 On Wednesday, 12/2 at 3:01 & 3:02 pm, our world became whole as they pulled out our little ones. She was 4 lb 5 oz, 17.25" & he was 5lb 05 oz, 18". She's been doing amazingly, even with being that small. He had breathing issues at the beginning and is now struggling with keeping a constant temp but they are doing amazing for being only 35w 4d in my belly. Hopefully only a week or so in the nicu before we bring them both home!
---------------
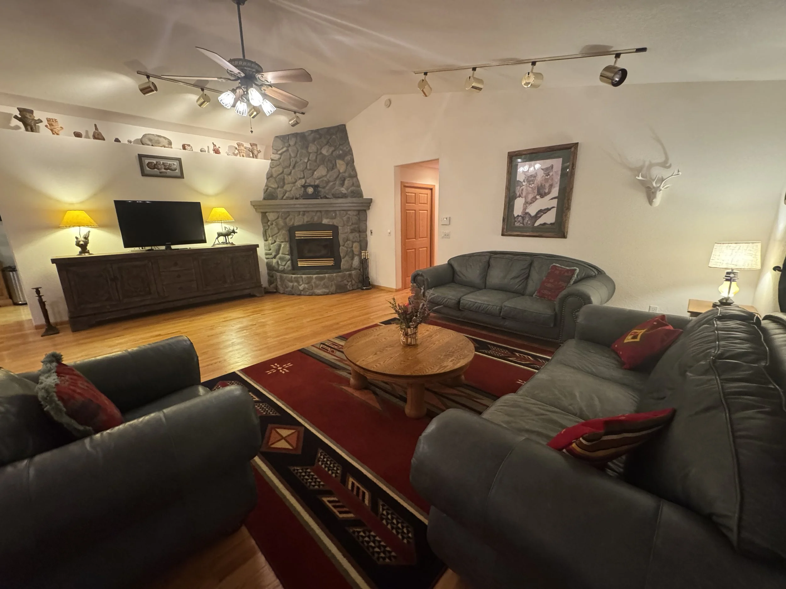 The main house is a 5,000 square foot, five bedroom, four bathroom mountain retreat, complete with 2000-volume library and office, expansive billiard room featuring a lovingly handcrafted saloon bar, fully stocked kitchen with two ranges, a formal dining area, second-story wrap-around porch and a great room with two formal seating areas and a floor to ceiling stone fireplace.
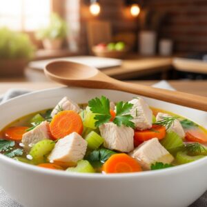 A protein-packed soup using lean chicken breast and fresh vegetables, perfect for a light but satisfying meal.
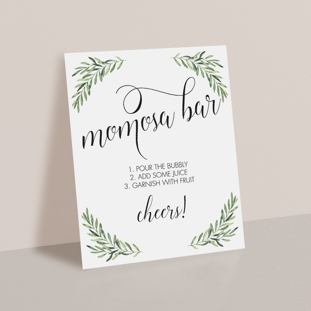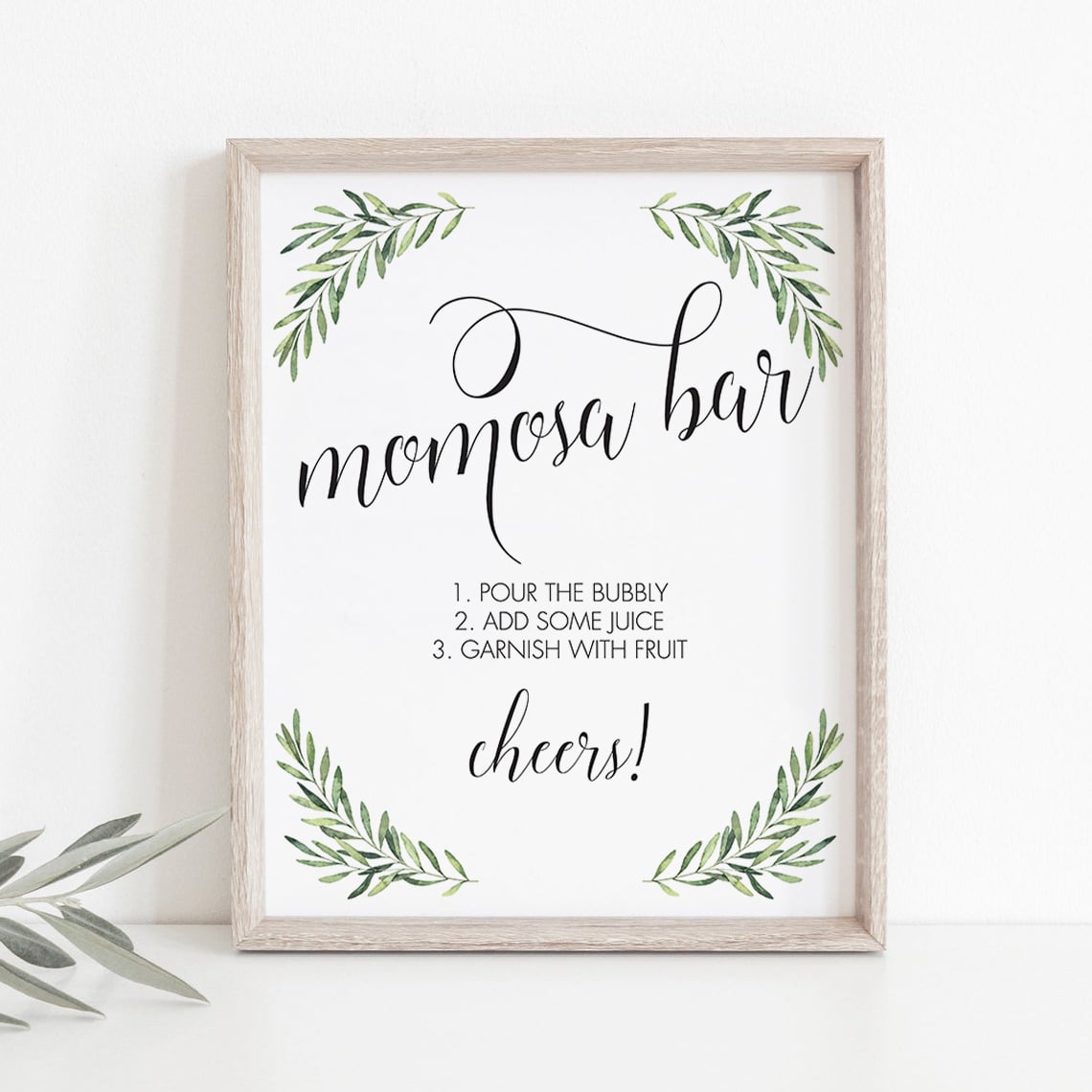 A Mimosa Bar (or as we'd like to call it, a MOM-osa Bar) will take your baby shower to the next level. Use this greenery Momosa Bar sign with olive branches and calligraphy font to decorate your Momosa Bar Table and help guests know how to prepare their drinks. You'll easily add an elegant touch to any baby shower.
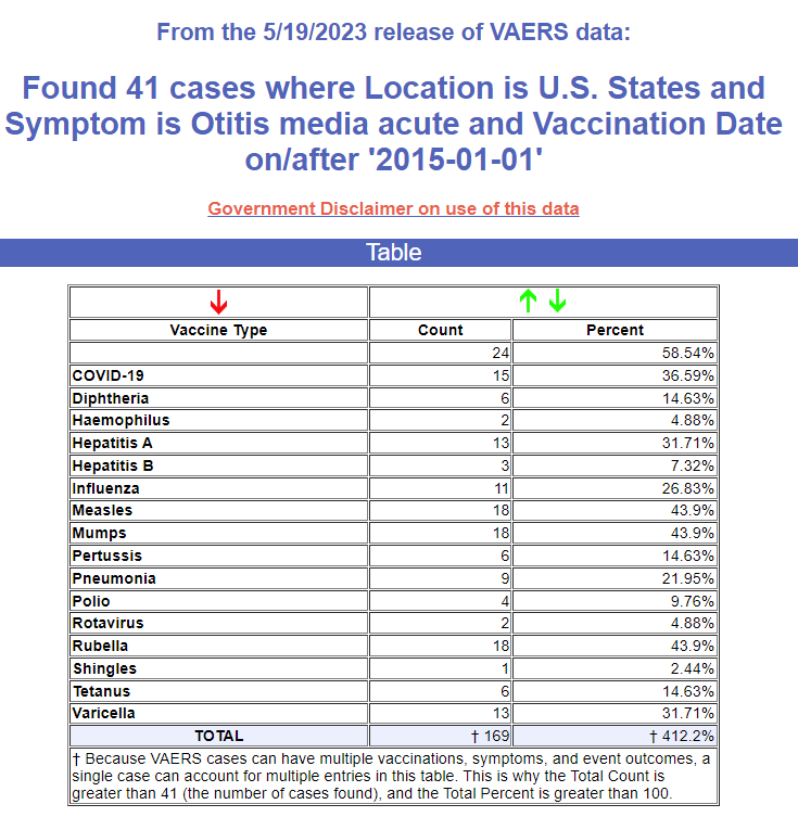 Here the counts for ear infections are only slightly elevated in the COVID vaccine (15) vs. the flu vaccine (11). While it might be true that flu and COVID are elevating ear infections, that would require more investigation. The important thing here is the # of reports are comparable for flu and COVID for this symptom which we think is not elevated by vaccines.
---------------
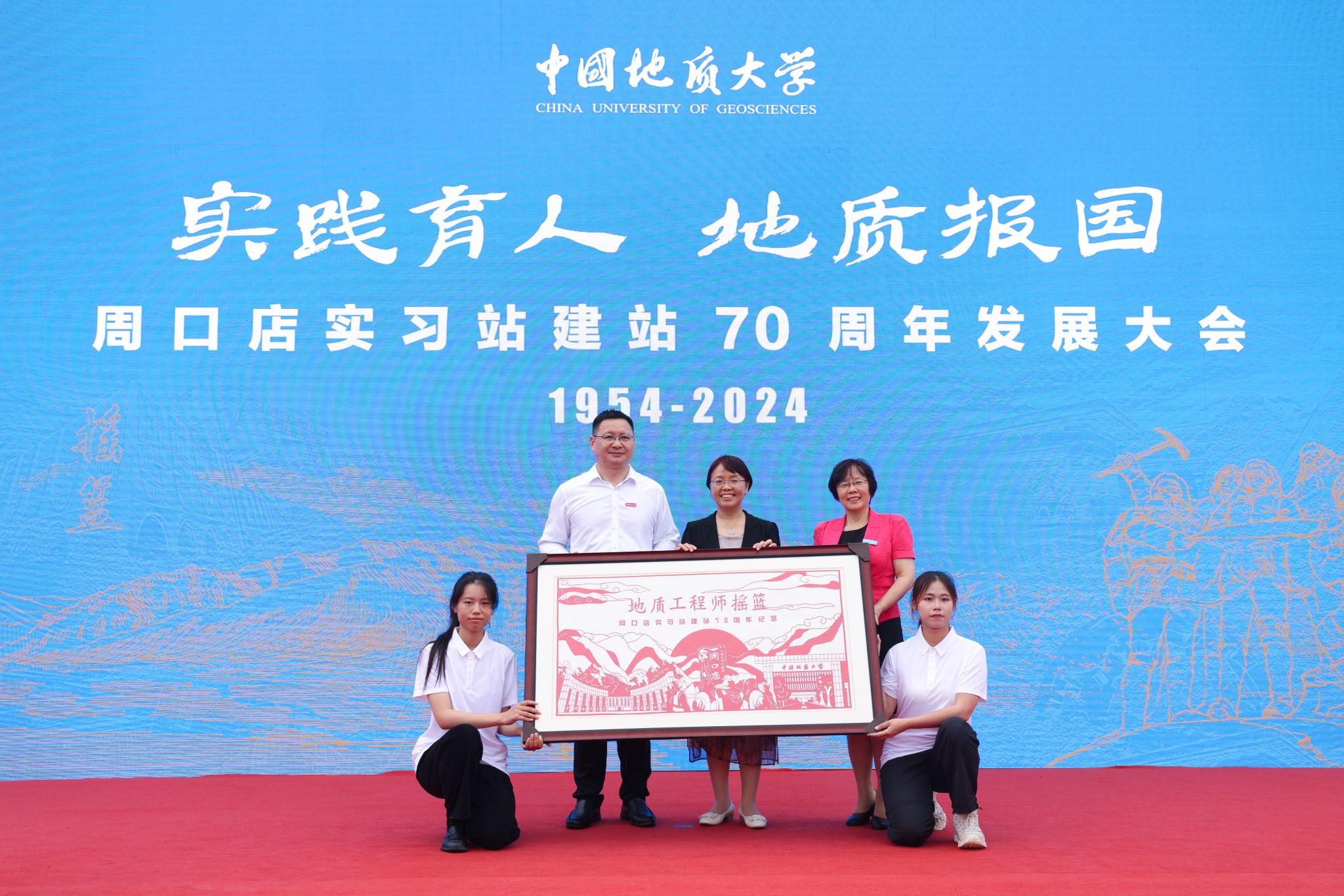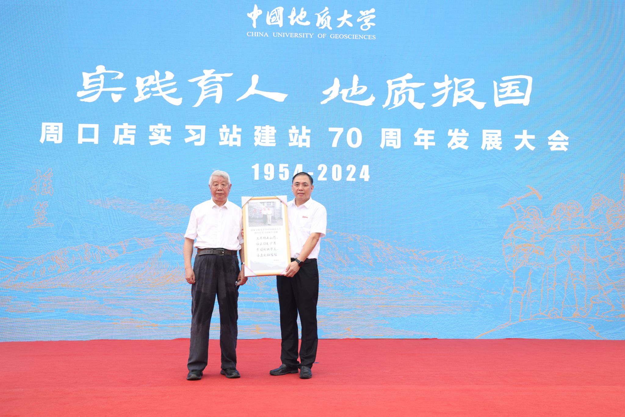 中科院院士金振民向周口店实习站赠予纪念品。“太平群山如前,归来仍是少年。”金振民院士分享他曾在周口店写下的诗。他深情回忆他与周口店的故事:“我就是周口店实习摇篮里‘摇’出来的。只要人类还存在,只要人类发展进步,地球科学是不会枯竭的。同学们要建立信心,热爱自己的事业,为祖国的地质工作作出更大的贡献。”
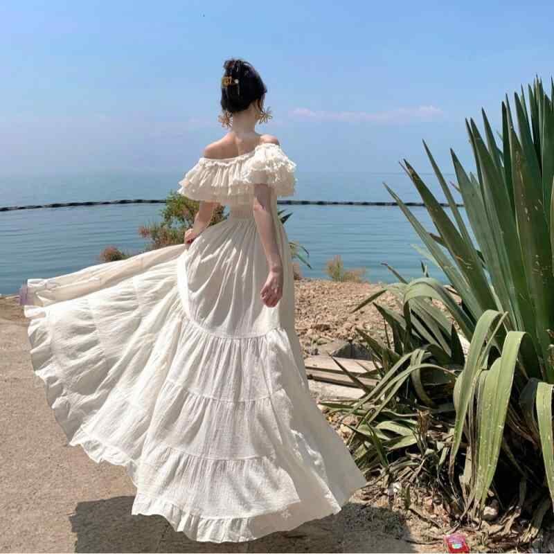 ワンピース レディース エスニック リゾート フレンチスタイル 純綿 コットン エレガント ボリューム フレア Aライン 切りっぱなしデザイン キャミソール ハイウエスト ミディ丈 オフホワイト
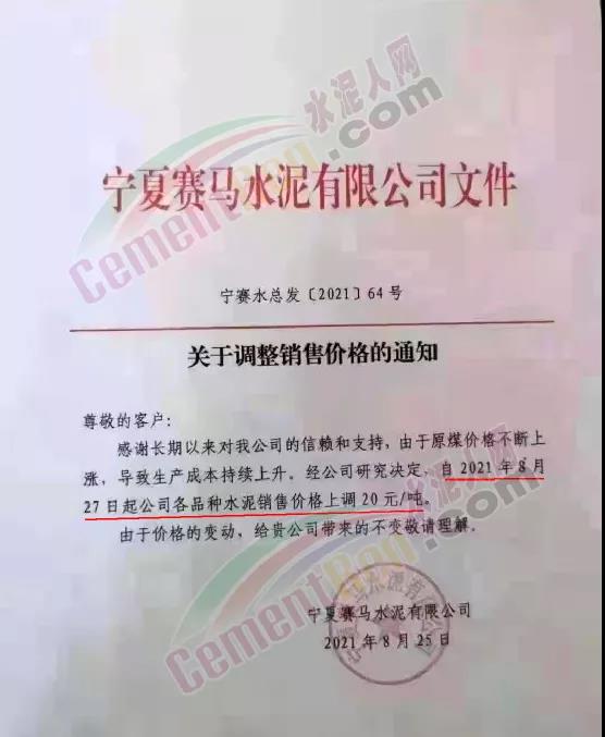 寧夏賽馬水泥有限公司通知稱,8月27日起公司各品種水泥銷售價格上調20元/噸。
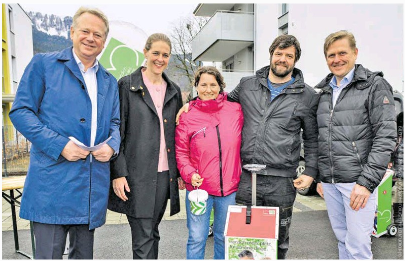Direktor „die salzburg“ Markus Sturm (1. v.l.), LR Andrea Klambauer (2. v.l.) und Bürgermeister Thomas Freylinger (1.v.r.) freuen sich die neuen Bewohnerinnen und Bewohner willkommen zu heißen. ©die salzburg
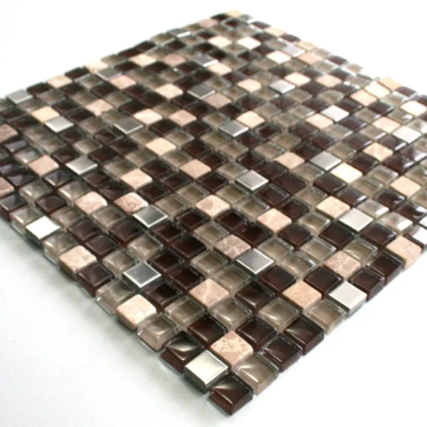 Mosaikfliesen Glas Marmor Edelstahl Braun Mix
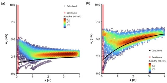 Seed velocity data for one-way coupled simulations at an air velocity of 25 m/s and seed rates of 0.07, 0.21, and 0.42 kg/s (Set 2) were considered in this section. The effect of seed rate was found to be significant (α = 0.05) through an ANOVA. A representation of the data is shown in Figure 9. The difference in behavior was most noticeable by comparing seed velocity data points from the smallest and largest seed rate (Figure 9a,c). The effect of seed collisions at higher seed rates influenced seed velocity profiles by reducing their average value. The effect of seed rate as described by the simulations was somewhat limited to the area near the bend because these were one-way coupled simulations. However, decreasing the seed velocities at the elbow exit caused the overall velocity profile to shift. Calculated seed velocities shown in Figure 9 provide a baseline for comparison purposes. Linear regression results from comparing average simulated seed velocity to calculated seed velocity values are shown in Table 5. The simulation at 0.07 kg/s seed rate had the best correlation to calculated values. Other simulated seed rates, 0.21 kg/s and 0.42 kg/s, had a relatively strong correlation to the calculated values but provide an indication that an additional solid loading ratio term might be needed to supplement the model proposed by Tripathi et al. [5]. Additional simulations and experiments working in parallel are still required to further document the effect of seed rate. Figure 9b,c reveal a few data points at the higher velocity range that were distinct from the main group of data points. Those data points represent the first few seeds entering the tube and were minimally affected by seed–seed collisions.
---------------
▶ **Problem statement**: Repeat exactly the lines above, from the line that contains "heißen. ©die salzburg" down through the line that contains "Mosaikfliesen Glas Marmor". Include both of those lines and none of the pictures.

▶ **Response area**:
Direktor „die salzburg“ Markus Sturm (1. v.l.), LR Andrea Klambauer (2. v.l.) und Bürgermeister Thomas Freylinger (1.v.r.) freuen sich die neuen Bewohnerinnen und Bewohner willkommen zu heißen. ©die salzburg
 Mosaikfliesen Glas Marmor Edelstahl Braun Mix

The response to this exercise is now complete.